At some point you are going to lose any support because there will be nobody left who cares?


----------



## goofy elk (Dec 16, 2007)

I'm personally looking at several different units ...
The one's I've hunted where I liv for over 40 years are off the list now.

The other ones South where I've also hunted for many years are looking better..


----------



## Hunter Tom (Sep 23, 2007)

I have observed coyotes take down fawns. It is easy for them. I have also observed increased coyote populations. I have also observed decreased populations of rabbits, grouse, marmots and turkeys. Do you need some sort of academic study to prove the obvious?


----------



## goofy elk (Dec 16, 2007)

Hunter Tom
Your RIGHT!

People that liv there know it.
The rabbit die off is obvious.

The deer die off is obvious!

Bunch of idiots up North.


----------



## CPAjeff (Dec 20, 2014)

Hunter Tom and Goofy - honest questions for you both:

If the issue is an increased amount of coyotes and the DNR continues to issue a bounty on them, are we perpetuating the problem by hunting them? Is the coyote cycle to an extent where mange is on the horizon for a coyote population correction?


----------



## Catherder (Aug 2, 2008)

Stuck at work this morning and it is slow so far. :sad:



Hunter Tom said:


> I have observed coyotes take down fawns. It is easy for them. I have also observed increased coyote populations. I have also observed decreased populations of rabbits, grouse, marmots and turkeys. Do you need some sort of academic study to prove the obvious?





goofy elk said:


> Hunter Tom
> Your RIGHT!
> 
> People that liv there know it.
> ...


That's it! Since it is the coyotes, we can put a bounty on them, hunt them heavily, and it will solve all our problems......................oh, wait, 

A couple of comments.

1. If what you are saying is true that the coyote population is high, and I have no reason to dispute it, then that would suggest that the money and effort spent on the bounty program is a waste of money. Not surprised, but it does show that natural systems have a bigger effect on wildlife populations than our piddling efforts. I guess it wasn't the "cure all" $FW suggested it would be. 

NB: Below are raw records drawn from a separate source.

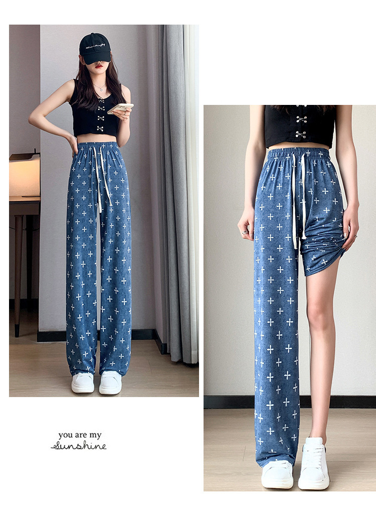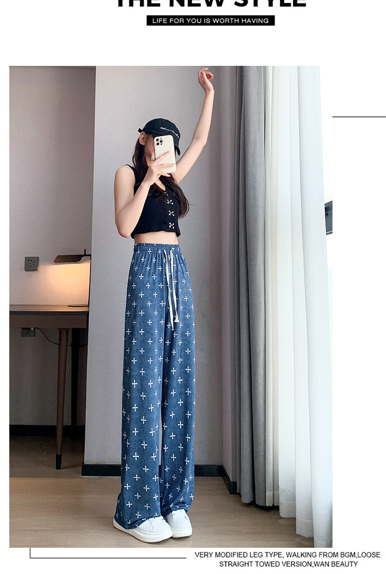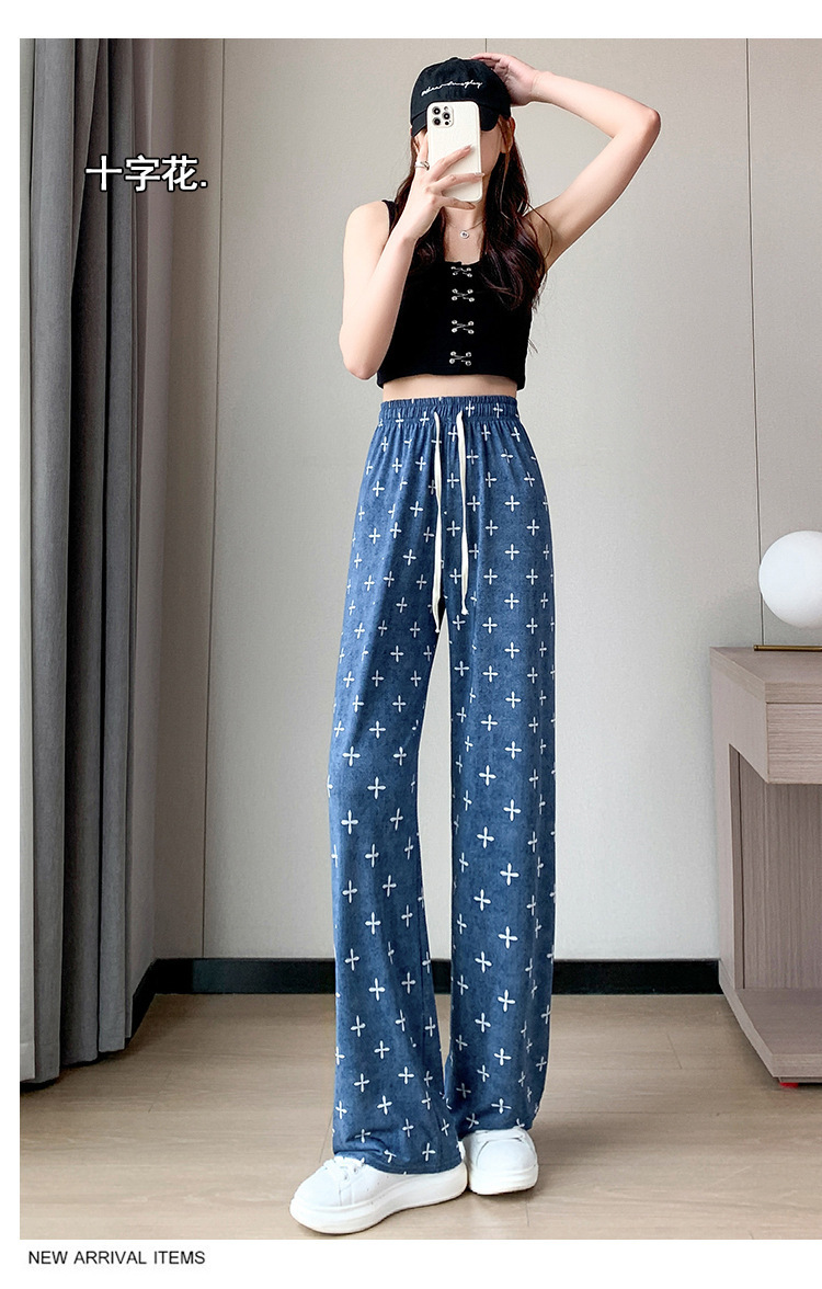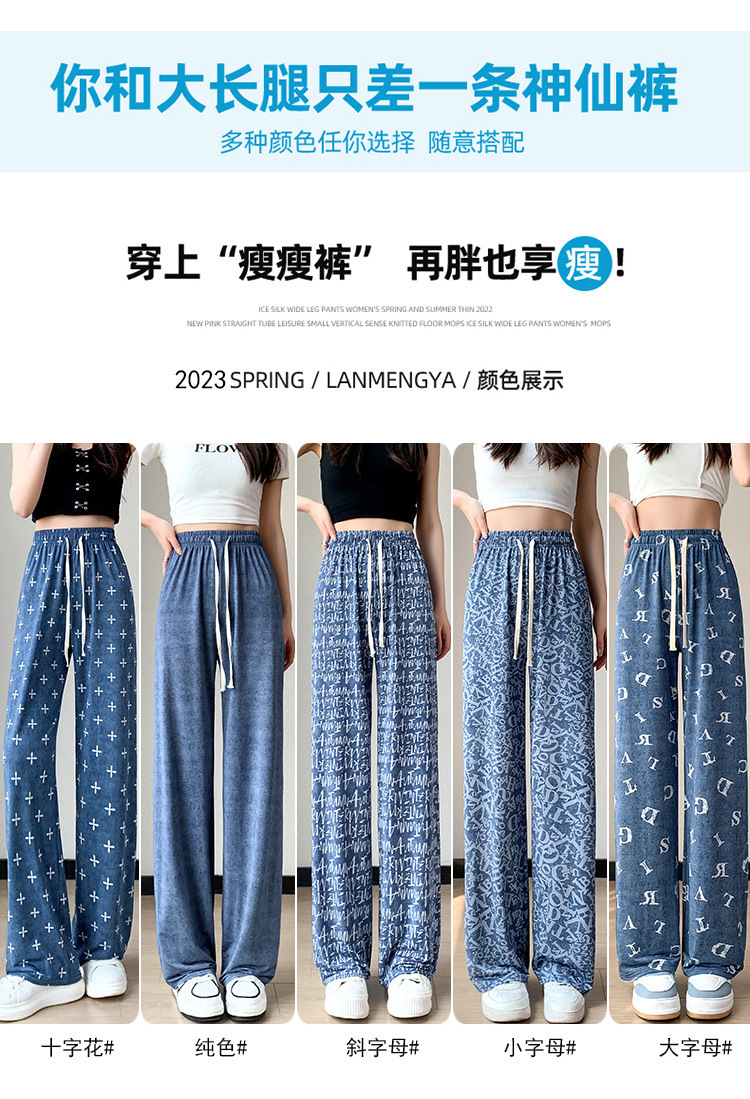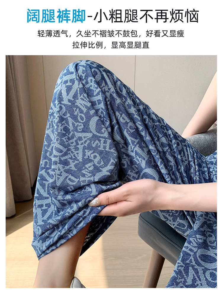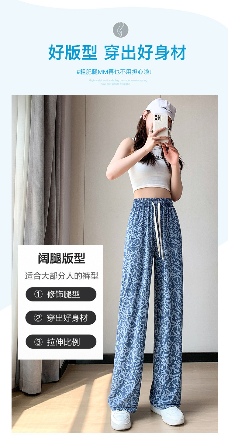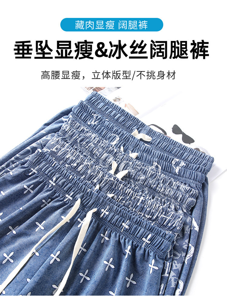 冰丝牛仔阔腿裤夏天丝女印花薄款休闲裤高腰宽松高腰垂感拖地裤
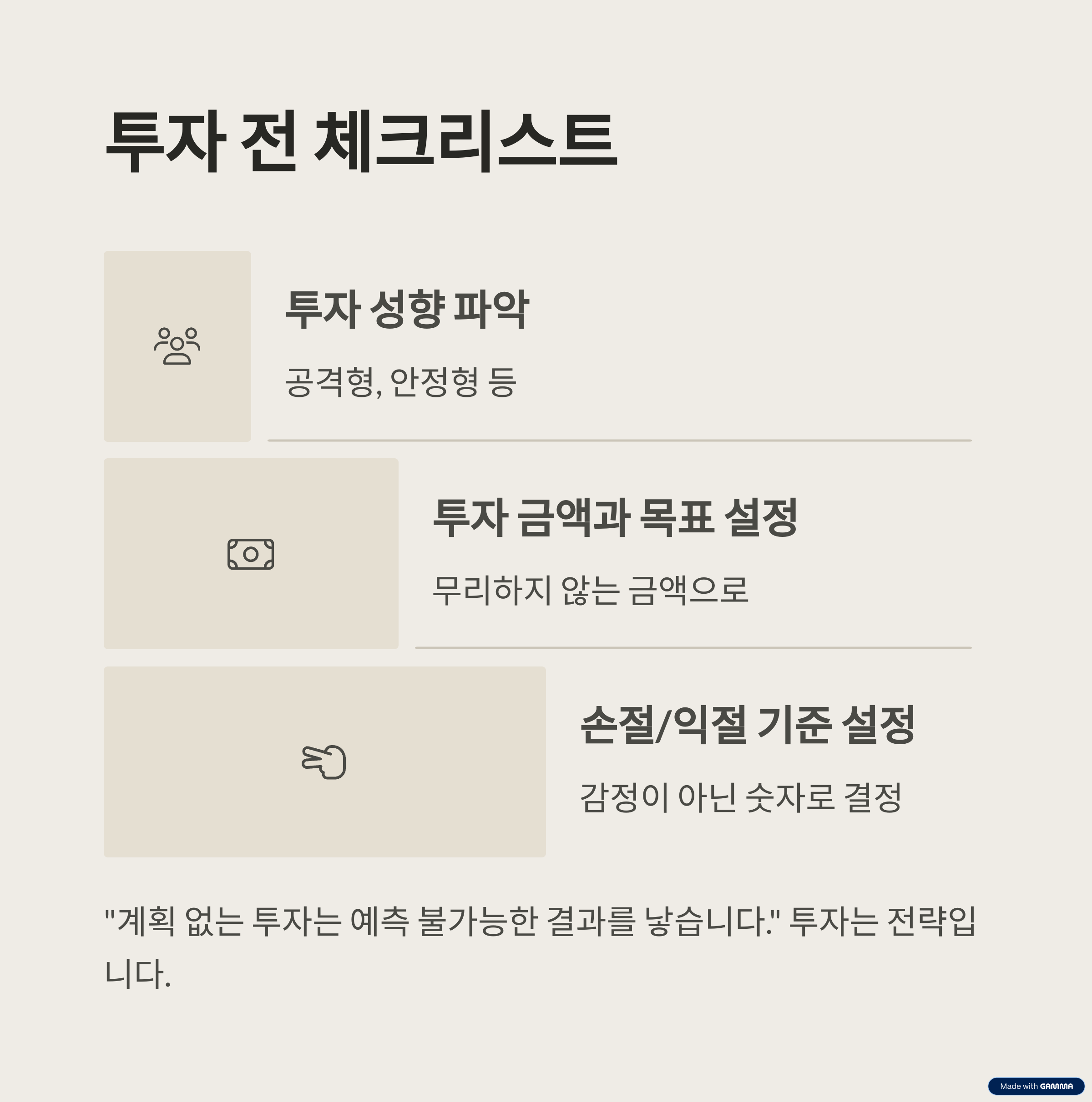 "계획 없는 투자는 예측 불가능한 결과를 낳습니다"
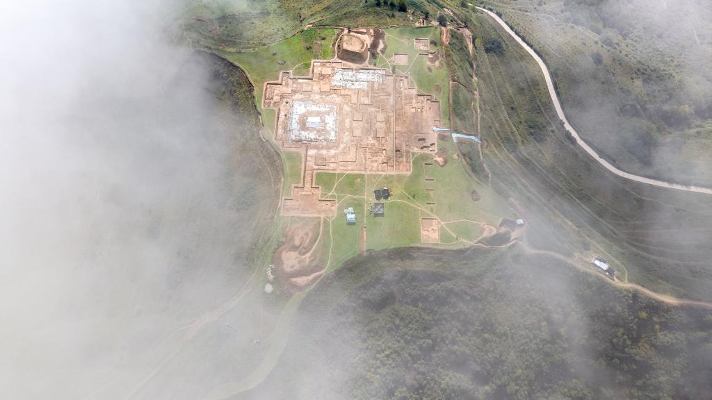 這是10月15日拍攝的甘肅省隴南市禮縣四角坪遺址考古發(fā)掘現(xiàn)場(無人機照片)。新華社記者 郎兵兵 攝
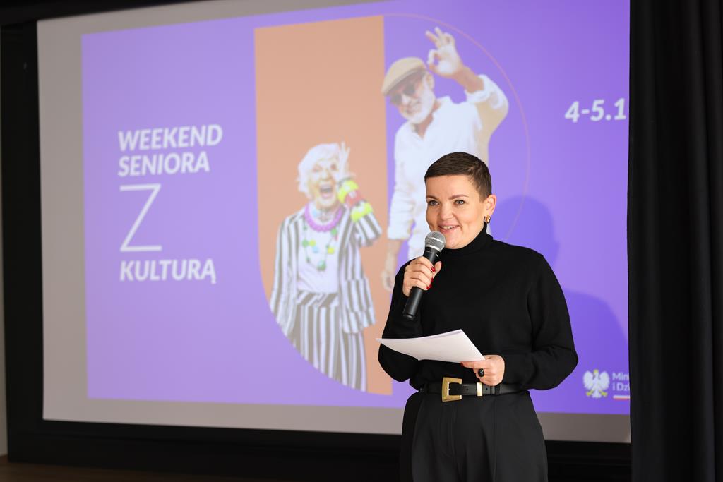 Konferencja zapowiadająca tegoroczną edycję akcji „Weekend Seniora z Kulturą” odbyła się w Centrum Aktywności Międzypokoleniowej w Warszawie. Wzięli w niej udział Marta Cienkowska, ministra kultury i dziedzictwa narodowego, Beata Jaroszyńska, wiceprzewodnicząca Warszawskiej Rady Seniorów, Joanna Dolińska-Dobek, dyrektorka Centrum Aktywności Międzypokoleniowej oraz seniorzy korzystający z oferty Centrum.
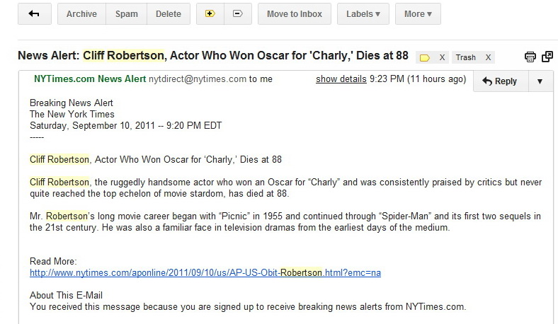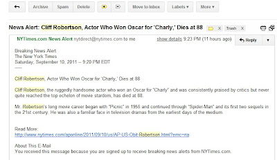 I was surprised last night after Shabbat when the only news alert I saw in my email inbox from the NY Times let me know that actor Cliff Robertson had died. Who was Cliff Robertson? Exactly!

2. The rabbit population cycle is well studied by those idiot academics up North and is a pretty reliable 10 year cycle that has occurred consistently throughout my entire life and beyond. Where I hunt, the peak was about 5 years ago, followed by a crash about 3 years ago. It will start going up again in a year or two, unless weather is extreme. I suppose us idiots just have the good sense not to freak out about it.  Since the deer population was still going up when the bunnies went down, I'm skeptical that there would be a relationship, although bunny grazing may conceivably contribute to the range conditions.


----------



## goofy elk (Dec 16, 2007)

Going to keep going.
Hwy 6
Long hollow, Dairy Fork , Sheep Creek......

Were is the deer?

It's UNREAL how low the numbers are....


----------



## Vanilla (Dec 11, 2009)

We drove Hwy 6 in the afternoon on 12/29 on our way to Moab and saw a crap load of deer right off the highway. Easily hundreds spotted through those general areas you list all the way down to Price, Goof. My kids got sick of me saying “Deer! Right there!” 

So I’m not sure where they are today, but I know where they were 2 weeks ago.


----------



## middlefork (Nov 2, 2008)

goofy elk said:


> I'm personally looking at several different units ...
> The one's I've hunted where I liv for over 40 years are off the list now.
> 
> The other ones South where I've also hunted for many years are looking better..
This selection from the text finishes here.